Selain cara kerja, kedua perupa juga memiliki kemiripan gagasan. Entang dan Sally sama-sama menyajikan percakapan manusia dan kemanusiaan sepanjang hayat. “Saya mengembangkan isu toleransi, menembus pagar jeruji tentang etika. Ketika etika dilanggar, maka akan bertransformasi menjadi binatang. Manusia membuat kekerasan untuk kesenangan, sedangkan binatang untuk bertahan hidup,” papar Entang mengenai salah satu pesannya dalam karya-karyanya.

Gagasan Entang tersebut diwujudkannya dalam karya intalasi berbahan aluminium yang menjadi ciri khasnya. Namun dalam pameran kali ini, Entang juga menyajikan sesuatu yang baru. Ia mencoba bermain dengan bahan akrilik. Entang menempatkan potongan-potongan ingatannya dalam banyak akrilik ukuran kecil-kecil sehingga tersusun lembaran memorinya dalam sebuah karya berjudul Self Portrait. Selain itu, Entang juga menampilkan karya patung instalatif.

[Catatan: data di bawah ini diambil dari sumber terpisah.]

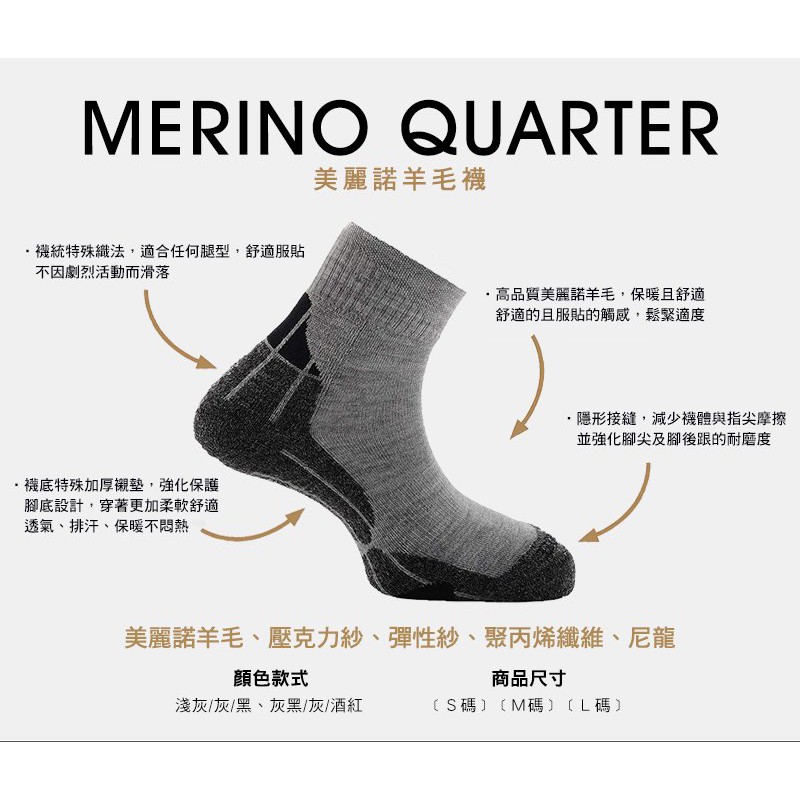 【HORIZON】MERINO QUARTER 美麗諾羊毛襪 HO-2224『淺灰/灰/黑』
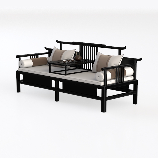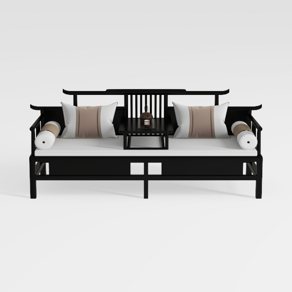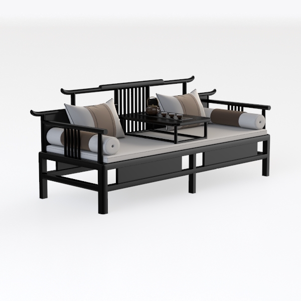 Inspired by traditional Chinese furniture, blending classic elegance with modern minimalism. Sleek black wooden frame contrasts softly with white padded cushions, while striped beige and white pillows add gentle texture, creating serene oriental charm. Ideal for a new Chinese-style living room, pairing beautifully with wooden side tables, ink-wash art, or potted greenery. Spacious seating with a central small table offers ample space for relaxation or entertaining, balancing style and practicality.
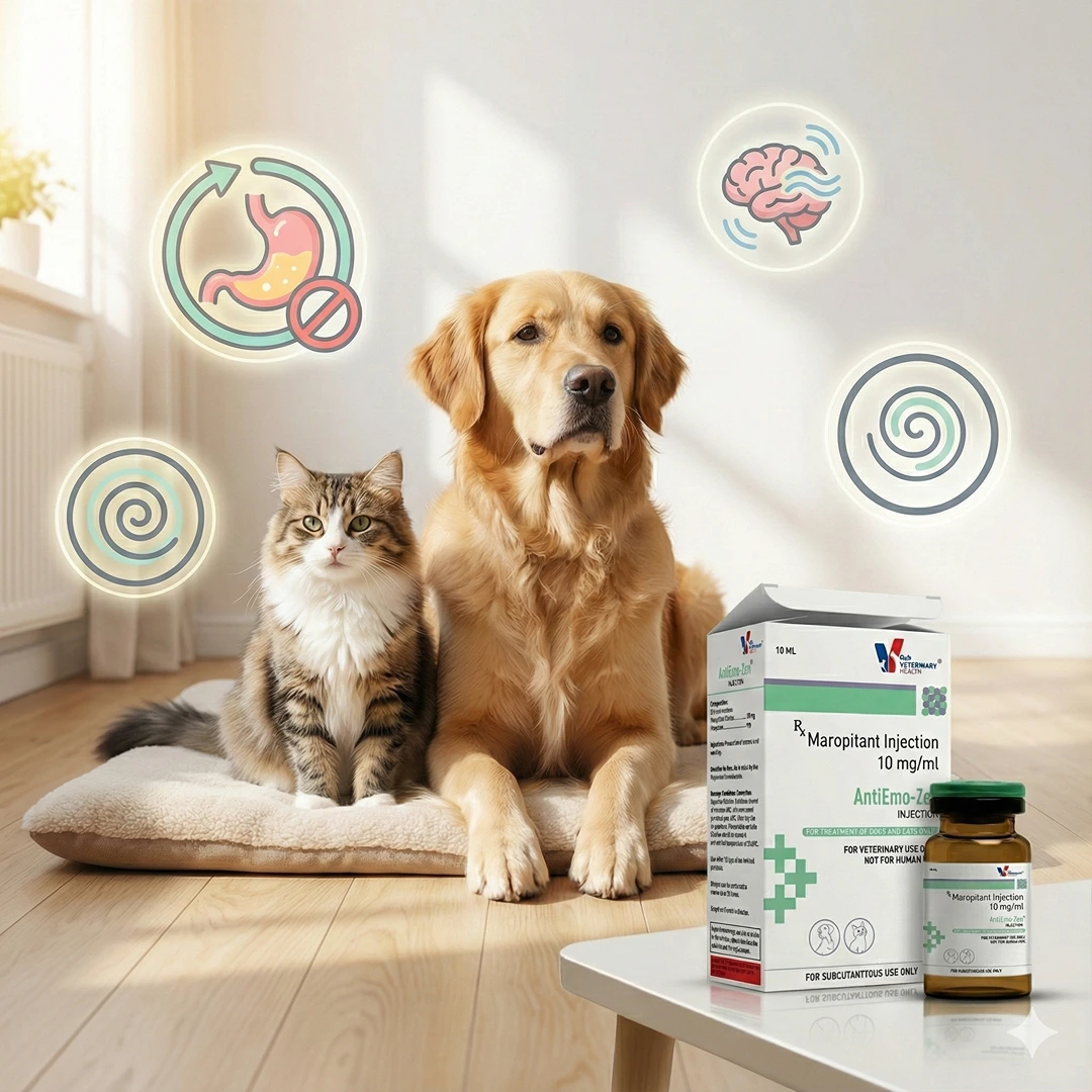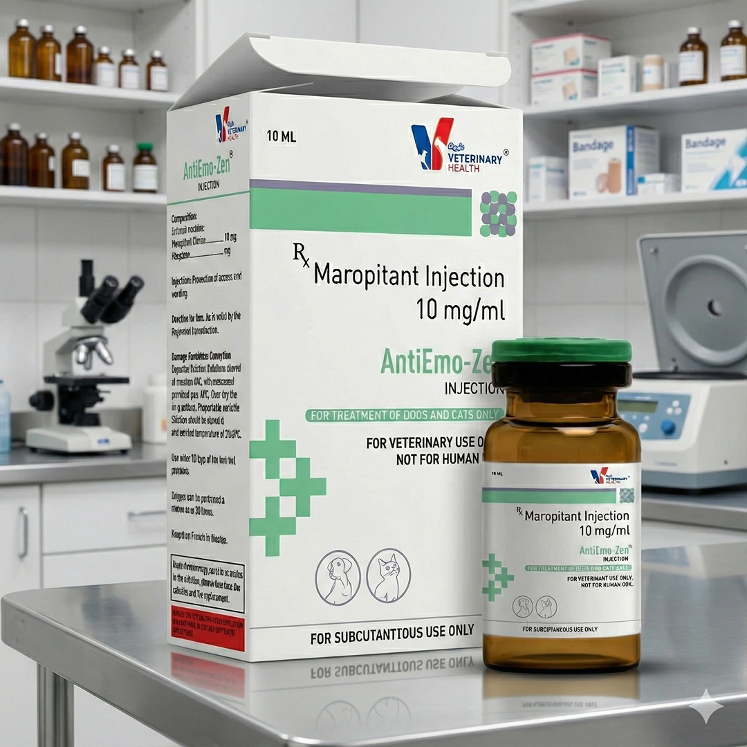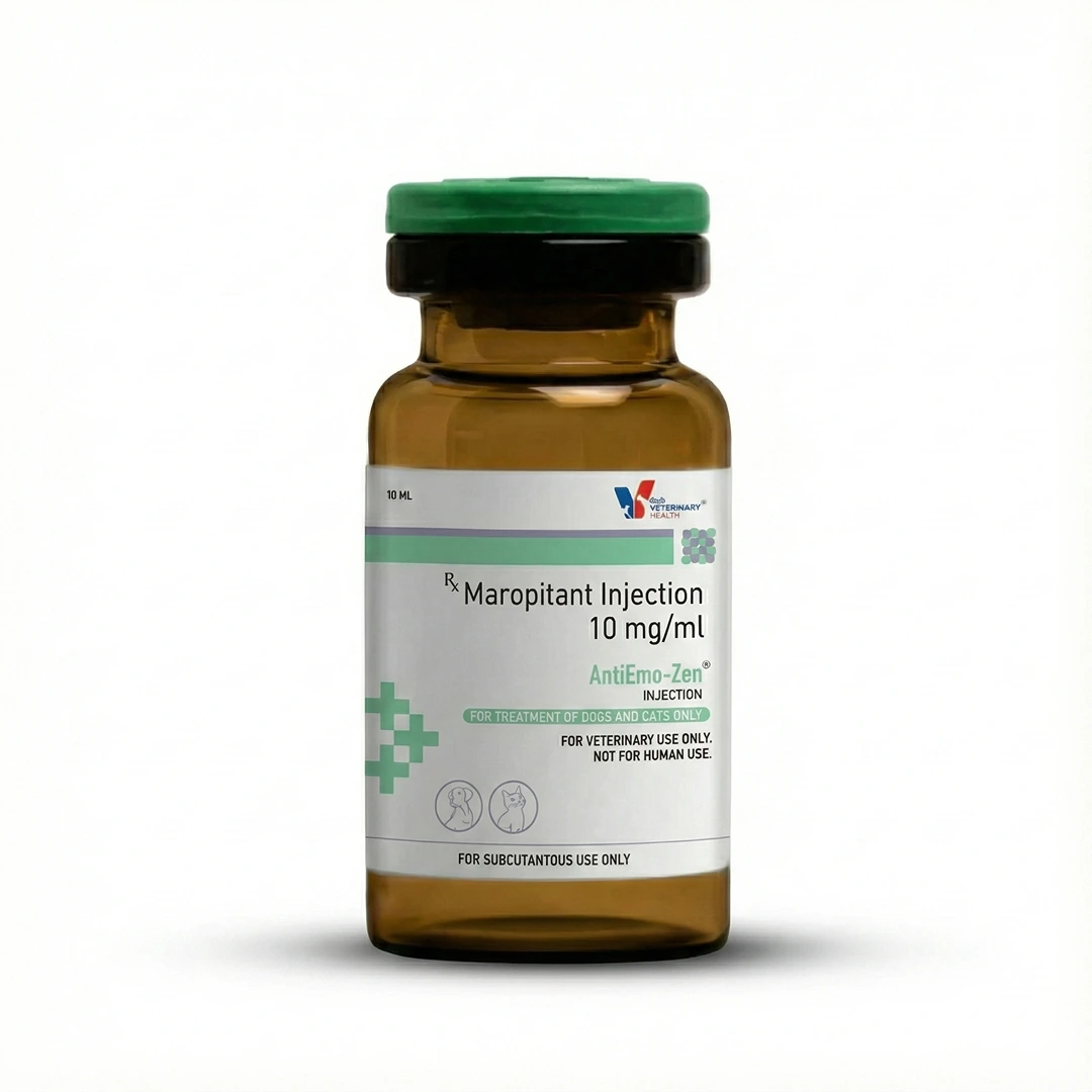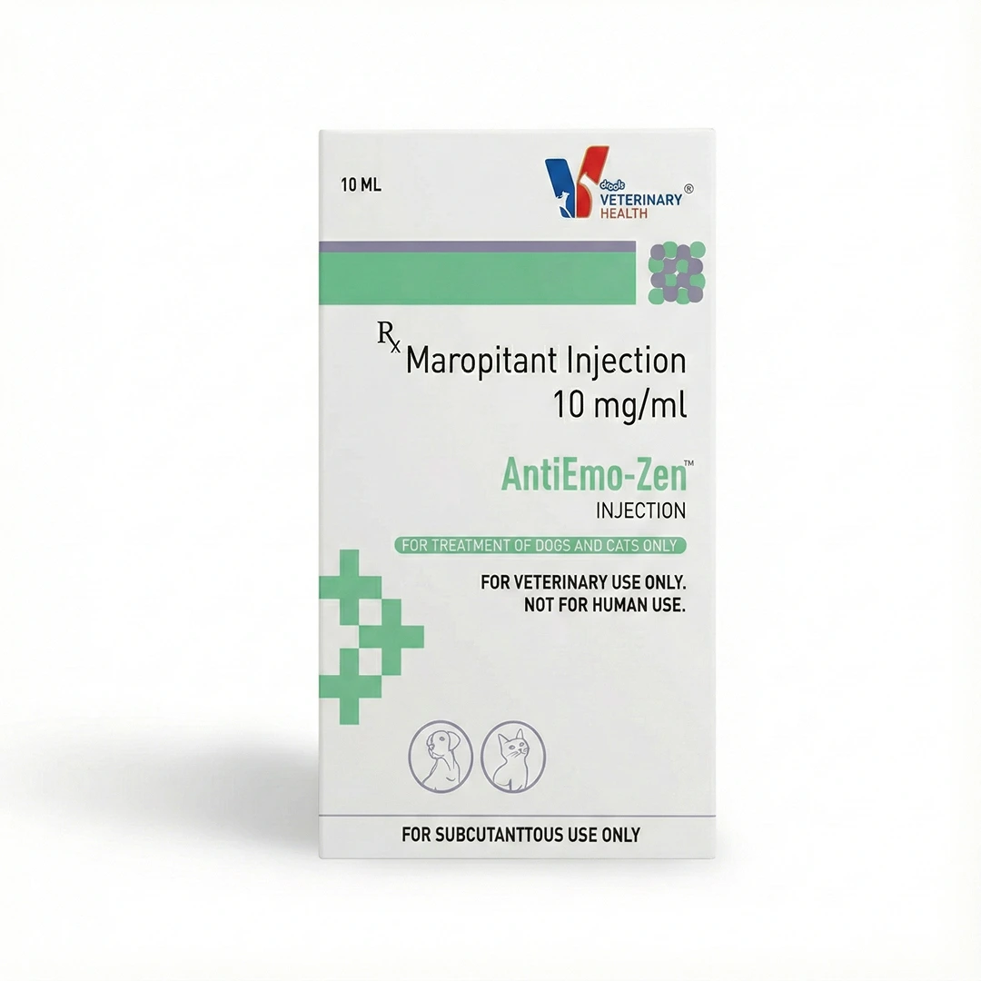 AntiEmo-Zen Injection is a powerful veterinary antiemetic formulation containing Maropitant Citrate 10 mg/ml, designed to control nausea and vomiting in dogs and cats. It works by blocking Neurokinin-1 (NK1) receptors in the central nervous system, thereby preventing emesis caused by multiple underlying conditions.
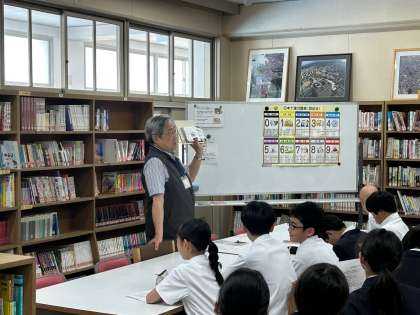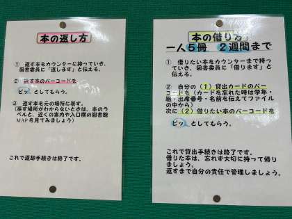 4時間目、1年生が図書室で司書の先生から図書室の使い方など学んでいました。
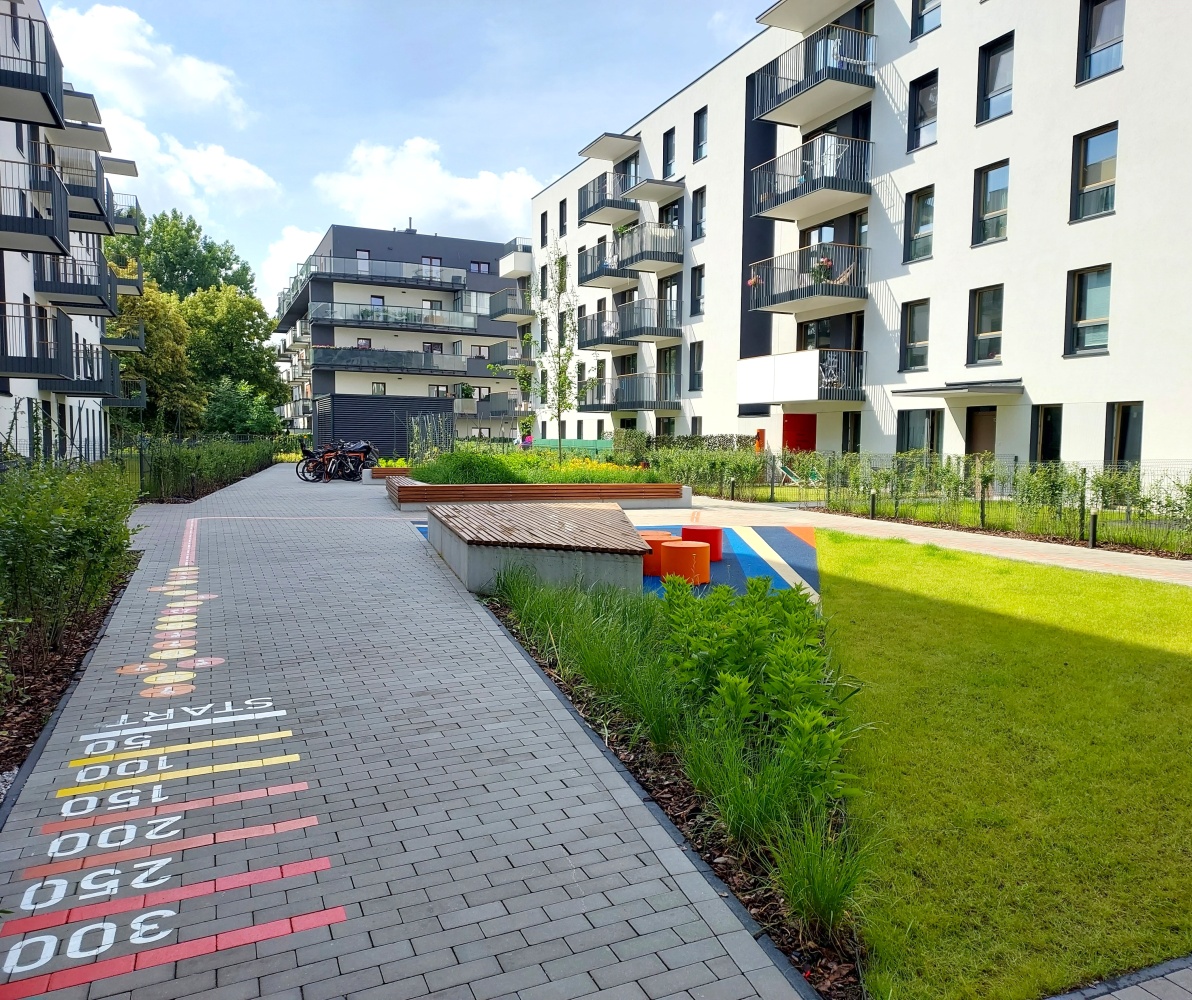 Nowe osiedle, teren zamknięty z ochroną, wewnętrzne patio ze stojakami na rowery i strefą wypoczynkową.
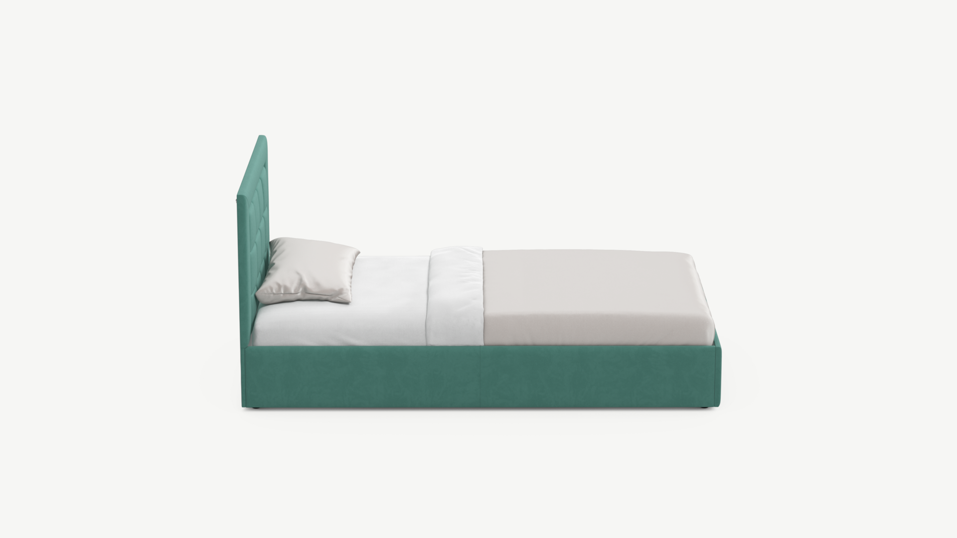 Изголовье декорировано рельефным рисунком стежки в крупный квадрат, получившим особую фактуру за счет глубины шва.
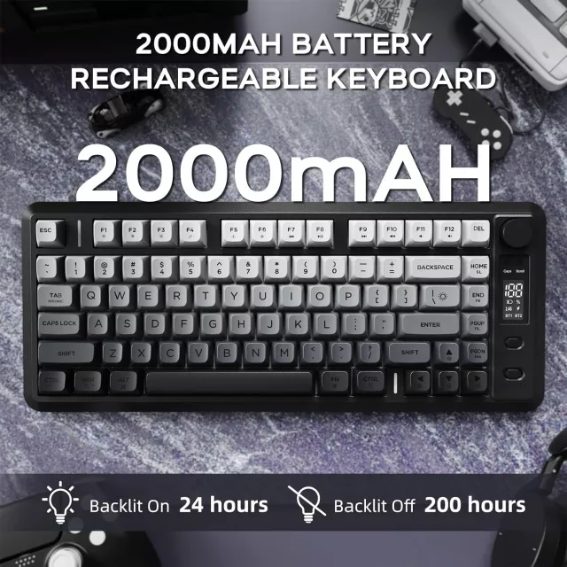 What sets this keyboard apart is its integrated OLED display and multi-function control knob, giving you quick access to essential adjustments right at your fingertips. Paired with vibrant rainbow backlighting and premium gradient PBT keycaps, it brings personality and clarity to your gaming station. Its lightweight wireless design lets you move freely using Bluetooth or 2.4GHz connectivity, while the USB interface ensures simple charging and setup.

Sedangkan Sally menunjukkan kekentalan gayanya dengan karya kolase instalatif berbahan mixed media. Selain mengusung pesan moral dan sosial, Sally juga menyuntikkan isu lingkungan hidup pada beberapa karyanya. Sally dalam sambutannya tidak banyak bercerita tentang karyanya. Ia justru lebih banyak berterima kasih kepada seluruh pihak yang telah mendukungnya sehingga sukses menyelenggarakan pameran ini bersama seniman Indonesia di Indonesia. “He is a most wonderful friend,” puji Sally ditujukan pada Entang.

Senada dengan Sally, Natalie King juga menyampaikan rasa terima kasihnya kepada semua pihak, karena menurutnya terselenggaranya pameran ini membutuhkan banyak usaha dari berbagai pihak, seperti Kedutaan Besar Australia, Galeri Canna, Galeri Nasional Indonesia, kedua perupa, dan seluruh pihak yang telah mendukung. “Pameran ini membawa saya melihat sesuatu yang mengangkat sosio–kultur–emosional. Bagi saya, berkesenian adalah opini untuk meyatakan pendapat,” tutur Natalie.

Merespon karya Entang dan Sally, Kepala Galeri Nasional Indonesia, Tubagus ‘Andre’ Sukmana mengungkap, “Karya-karya Entang Wiharso dan Sally Smart memberi banyak sekali inspirasi, pertanyaan, dan membaca apa yang sebenarnya ingin didialogkan,” ucapnya. Dialog tersebut, menurut Suwarno, tidak hanya dibatasi di lingkaran ruang pamer saja, namun juga direspon dengan dikaitkan realitas peristiwa bom yang mengguncang kawasan Sarinah, Jakarta, yang terjadi bersamaan dengan hari pembukaan pameran tersebut. “Peristiwa pengeboman itulah yang membuat suatu dramaturgi kehidupan dalam pameran ini. Peristiwa ini juga yang membuat pameran Entang Wiharso dan Sally Smart menjadi penting karena membawa pesan melawan kekerasan dengan jalan kesenian,” jelas Suwarno.

Ditanggapi Tommy Sutomo, salah satu pendiri Galeri Canna, menggelar pameran seni rupa di tengah kondisi Jakarta yang baru saja terguncang, merupakan bukti kesungguhan bahwa Entang dan Sally membuat event ini secara all out. “Mereka juga telah mempersiapkan pameran ini secara matang, sejak 2013. Pameran ini merupakan bentuk persahabatan antara Indonesia dan Australia” ujar Tommy.